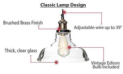 - EDISON BULB AND WHITE GLOVE INCLUDED – Includes canopy, cord, socket,fixture and a white glove that prevents the pendant from getting fingerprints during installation; 60-watt maximum light bulb recommended; 40"x11"
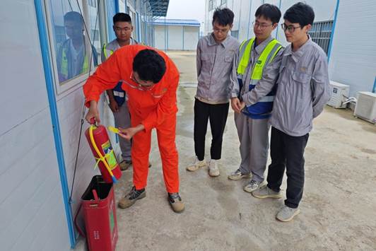 中化勞務(wù)公司岳化新材料項目、東北公司福州華能產(chǎn)投廠外工程項目團員青年組織開展高溫防中暑演練,模擬在高溫環(huán)境下作業(yè)時突發(fā)中暑的應(yīng)急處置流程,確保項目職工在突發(fā)中暑情況下能夠迅速、有效地進行自救和互救。江西公司平煤項目團員青年組織開展火災(zāi)應(yīng)急疏散演練以及滅火器使用培訓,引領(lǐng)項目部職工掌握安全操作規(guī)范以及火災(zāi)安全撤離方法。華南公司開陽中偉磷酸鐵項目團員青年組織開展防觸電安全應(yīng)急演練,編制觸電事故應(yīng)急預案,學習施工人員工作時意外觸電的正確救助方法,提升應(yīng)對突發(fā)事件的應(yīng)急處置能力和組織協(xié)調(diào)能力。
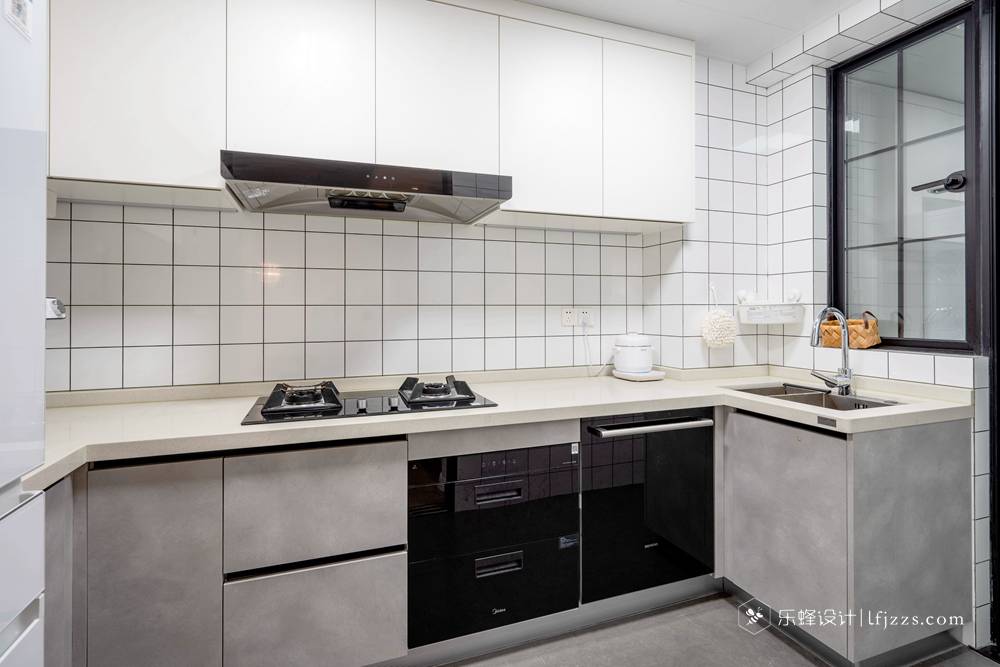 廚房地面貼啞光地磚,考慮防滑的同時(shí)也更顯質(zhì)感,墻面則是能讓空間更加輕松愉悅的小白磚,櫥柜配色也是上淺下深和瓷磚一起形成上下配色的關(guān)系,7字櫥柜在很大程度上滿足了廚房操作和儲(chǔ)物的需求。
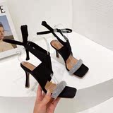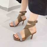 Модный стразы Защита пересекает ремни римские тонкие каблуки с высокой высокой высотой сандалии женские сандалии Lazada
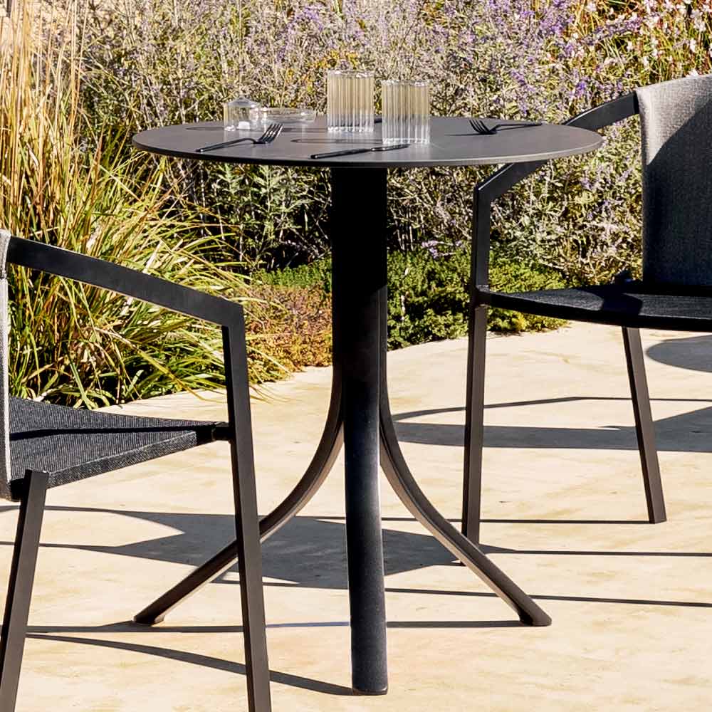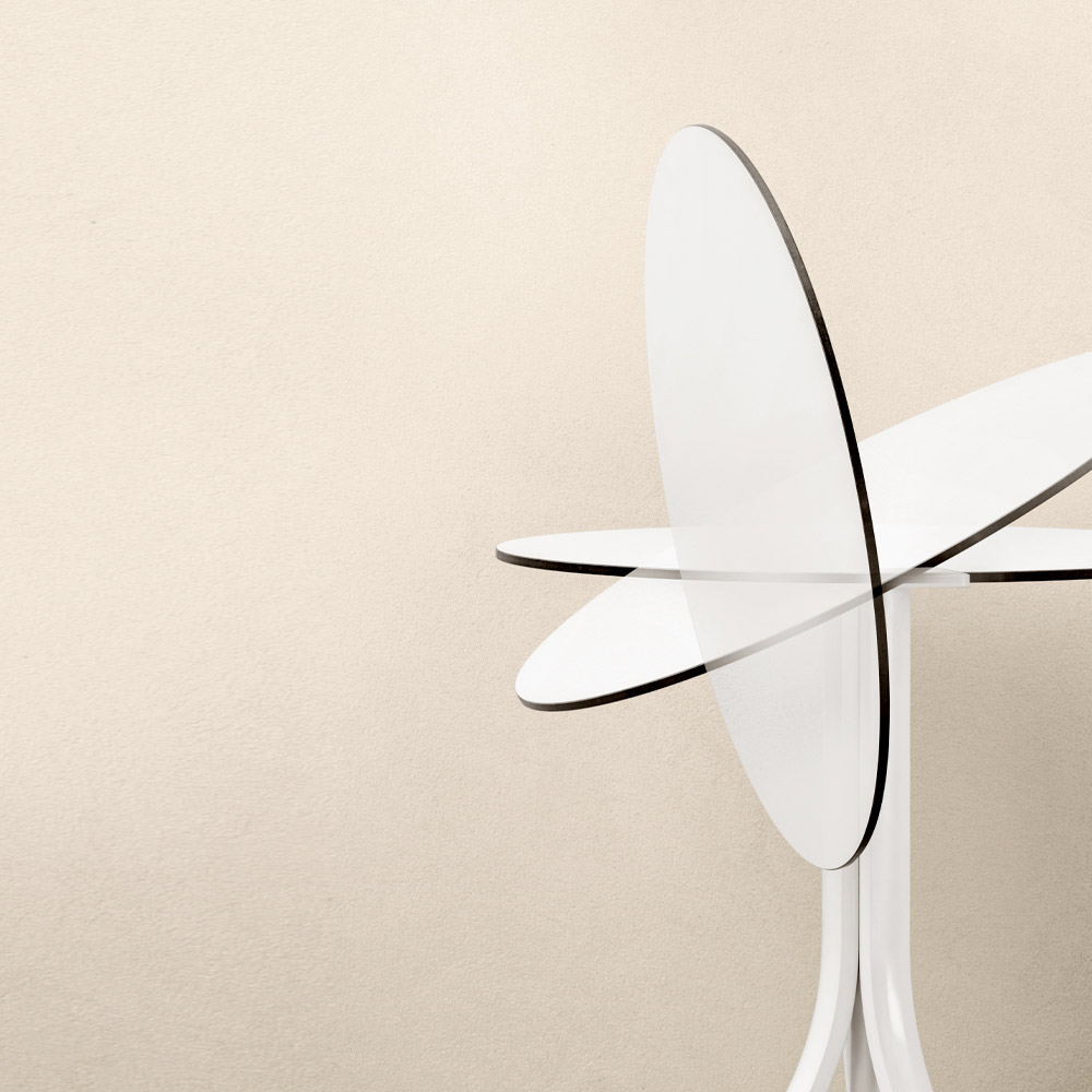 Características técnicas y materiales: La potencia plegable de tres radios está hecha de aluminio con recubrimiento de polvo epoxi , combinado con la parte superior redonda en laminado HPL de 10 mm de espesor.
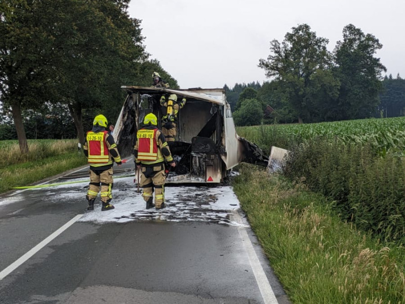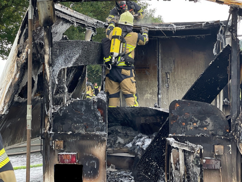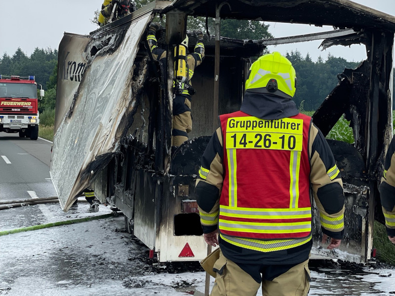 Abschließend kann man sagen, durch das beherzte Eingreifen des LKW-Fahrers konnte größerer Schaden verhindert werden. Dieser hatte bei Brandentstehung seinen LKW abgekuppelt und in Sicherheit gefahren.
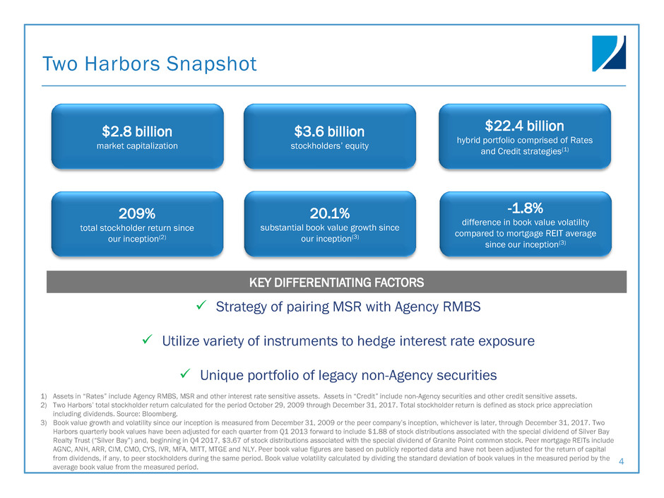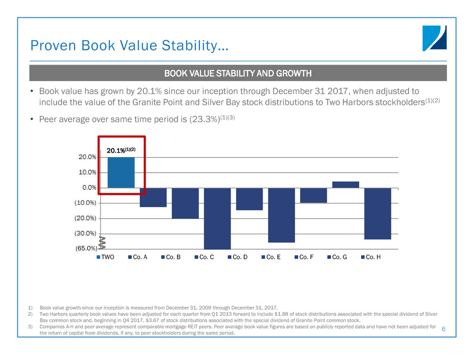 2) Two Harbors’ total stockholder return calculated for the period October 29, 2009 through December 31, 2017. Total stockholder return is defined as stock price appreciation
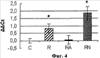 На фиг.4 представлены данные – содержание мРНК nNOS в m.soleus, С-контроль, R-бег, РА-бег-L-аргинин, RN-бег+L-NAME).
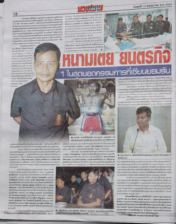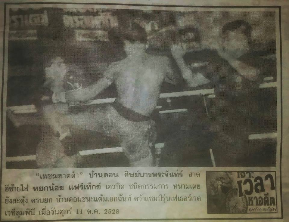 ถ้วยรางวัลที่หนามเตยถือคือรางวัลไฟท์เอาชนะ จักรกฤษณ์ ลูกละโว้ ในไฟท์คู่เอก ไฟท์นี้โดนเจ้าถิ่นที่สุพรรณ เดินมาข่มขู่ระหว่างพักยก ตรงมุม ทำเอามีดปลายแหลมกรีดผ้าใบขู่ แล้วพูดใส่หนามเตยว่า ถ้ามึงชนะมึงกลับบ้านไม่ได้แน่ แต่หนามเตยไม่กลัวเจอแบบนี้วิ่งเข้าไปก้านคอ โชว์ทั้งหมัดเข่าจนเอาชนะคะแนนได้แชมป์คู่เอกในคืนนั้น !!
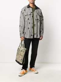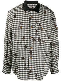 gingham shirt with all-over tree embroidery
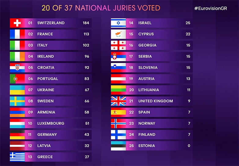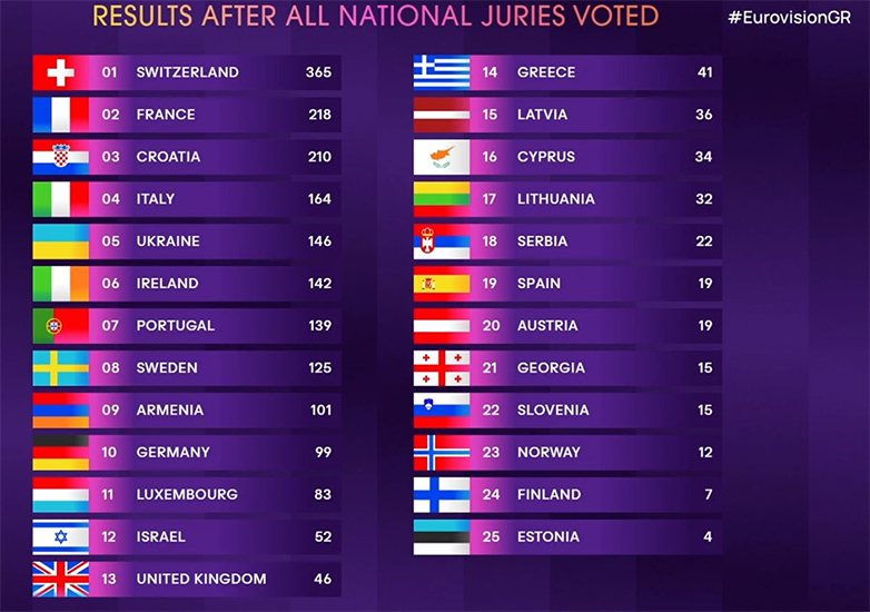 Τα αποτελέσματα των επιτροπών – Η Ελβετία προηγείται με 365 βαθμούς
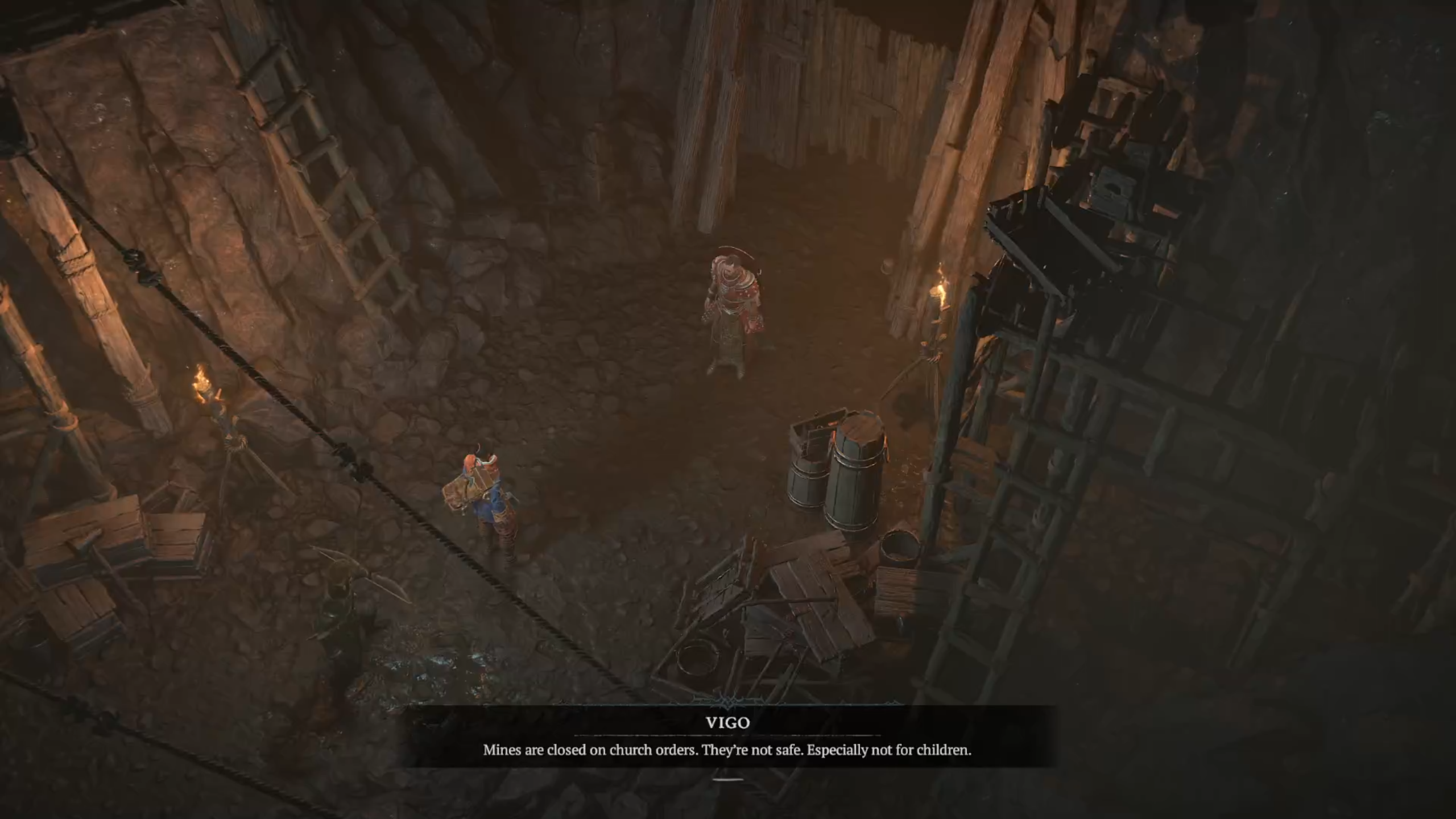 • Tarnished Luster – You take Vigo’s Report to Yelesna, where you learn about how demons, ghouls, and monsters have overtaken the mines and are sealed off to the villagers of Yelesna for their own safety, putting strain on their well-being, economy, and have become starved. The knights direct you to the mining camp to find Vigo.
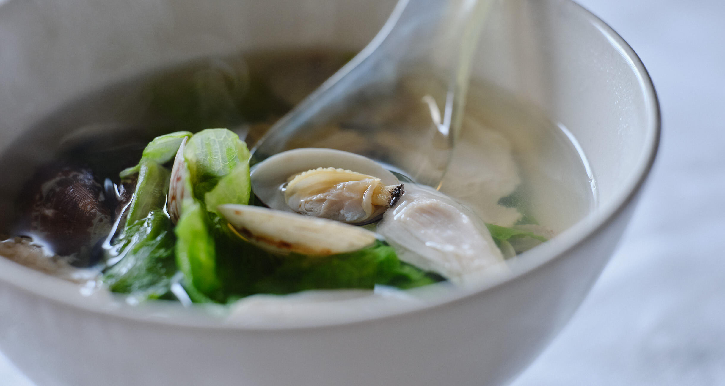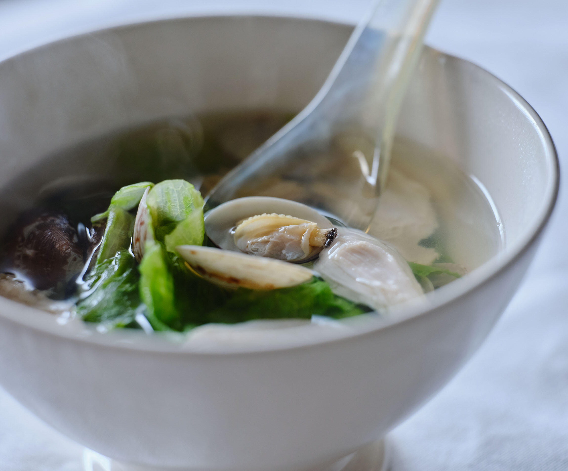 鍋にあさりと水300mlを入れて火にかけ、あさりの口が開いたら酒とささみのゆで汁を加える。
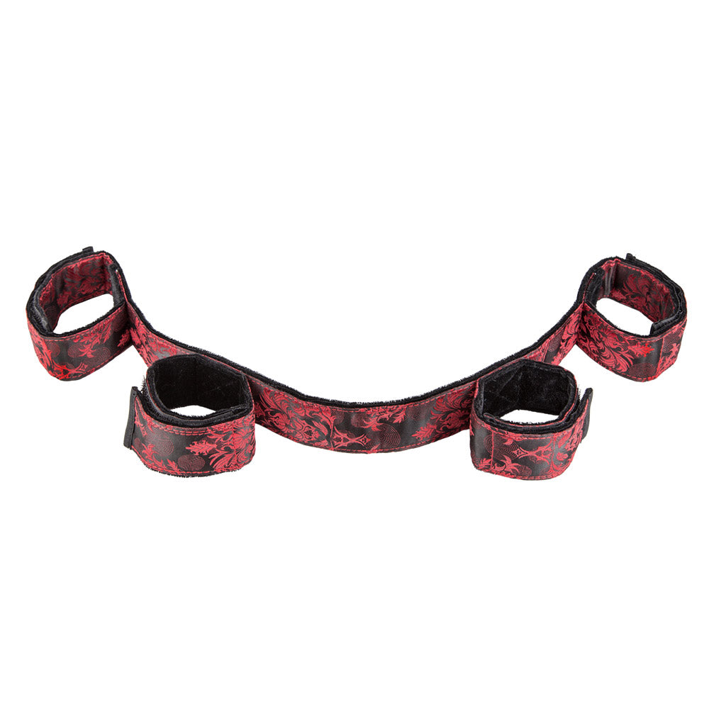 Take restraint play to a whole new level thanks to the Scandal® Collapsible Bondage Bar With Wrist & Ankle Cuffs!
· · · ·
A faithful reproduction of every entry, with no pictures, is the expected answer.

 - EDISON BULB AND WHITE GLOVE INCLUDED – Includes canopy, cord, socket,fixture and a white glove that prevents the pendant from getting fingerprints during installation; 60-watt maximum light bulb recommended; 40"x11"
 中化勞務(wù)公司岳化新材料項目、東北公司福州華能產(chǎn)投廠外工程項目團員青年組織開展高溫防中暑演練,模擬在高溫環(huán)境下作業(yè)時突發(fā)中暑的應(yīng)急處置流程,確保項目職工在突發(fā)中暑情況下能夠迅速、有效地進行自救和互救。江西公司平煤項目團員青年組織開展火災(zāi)應(yīng)急疏散演練以及滅火器使用培訓,引領(lǐng)項目部職工掌握安全操作規(guī)范以及火災(zāi)安全撤離方法。華南公司開陽中偉磷酸鐵項目團員青年組織開展防觸電安全應(yīng)急演練,編制觸電事故應(yīng)急預案,學習施工人員工作時意外觸電的正確救助方法,提升應(yīng)對突發(fā)事件的應(yīng)急處置能力和組織協(xié)調(diào)能力。
 廚房地面貼啞光地磚,考慮防滑的同時(shí)也更顯質(zhì)感,墻面則是能讓空間更加輕松愉悅的小白磚,櫥柜配色也是上淺下深和瓷磚一起形成上下配色的關(guān)系,7字櫥柜在很大程度上滿足了廚房操作和儲(chǔ)物的需求。
 Модный стразы Защита пересекает ремни римские тонкие каблуки с высокой высокой высотой сандалии женские сандалии Lazada
 Características técnicas y materiales: La potencia plegable de tres radios está hecha de aluminio con recubrimiento de polvo epoxi , combinado con la parte superior redonda en laminado HPL de 10 mm de espesor.
 Abschließend kann man sagen, durch das beherzte Eingreifen des LKW-Fahrers konnte größerer Schaden verhindert werden. Dieser hatte bei Brandentstehung seinen LKW abgekuppelt und in Sicherheit gefahren.
 2) Two Harbors’ total stockholder return calculated for the period October 29, 2009 through December 31, 2017. Total stockholder return is defined as stock price appreciation
 На фиг.4 представлены данные – содержание мРНК nNOS в m.soleus, С-контроль, R-бег, РА-бег-L-аргинин, RN-бег+L-NAME).
 ถ้วยรางวัลที่หนามเตยถือคือรางวัลไฟท์เอาชนะ จักรกฤษณ์ ลูกละโว้ ในไฟท์คู่เอก ไฟท์นี้โดนเจ้าถิ่นที่สุพรรณ เดินมาข่มขู่ระหว่างพักยก ตรงมุม ทำเอามีดปลายแหลมกรีดผ้าใบขู่ แล้วพูดใส่หนามเตยว่า ถ้ามึงชนะมึงกลับบ้านไม่ได้แน่ แต่หนามเตยไม่กลัวเจอแบบนี้วิ่งเข้าไปก้านคอ โชว์ทั้งหมัดเข่าจนเอาชนะคะแนนได้แชมป์คู่เอกในคืนนั้น !!
 gingham shirt with all-over tree embroidery
 Τα αποτελέσματα των επιτροπών – Η Ελβετία προηγείται με 365 βαθμούς
 • Tarnished Luster – You take Vigo’s Report to Yelesna, where you learn about how demons, ghouls, and monsters have overtaken the mines and are sealed off to the villagers of Yelesna for their own safety, putting strain on their well-being, economy, and have become starved. The knights direct you to the mining camp to find Vigo.
 鍋にあさりと水300mlを入れて火にかけ、あさりの口が開いたら酒とささみのゆで汁を加える。
 Take restraint play to a whole new level thanks to the Scandal® Collapsible Bondage Bar With Wrist & Ankle Cuffs!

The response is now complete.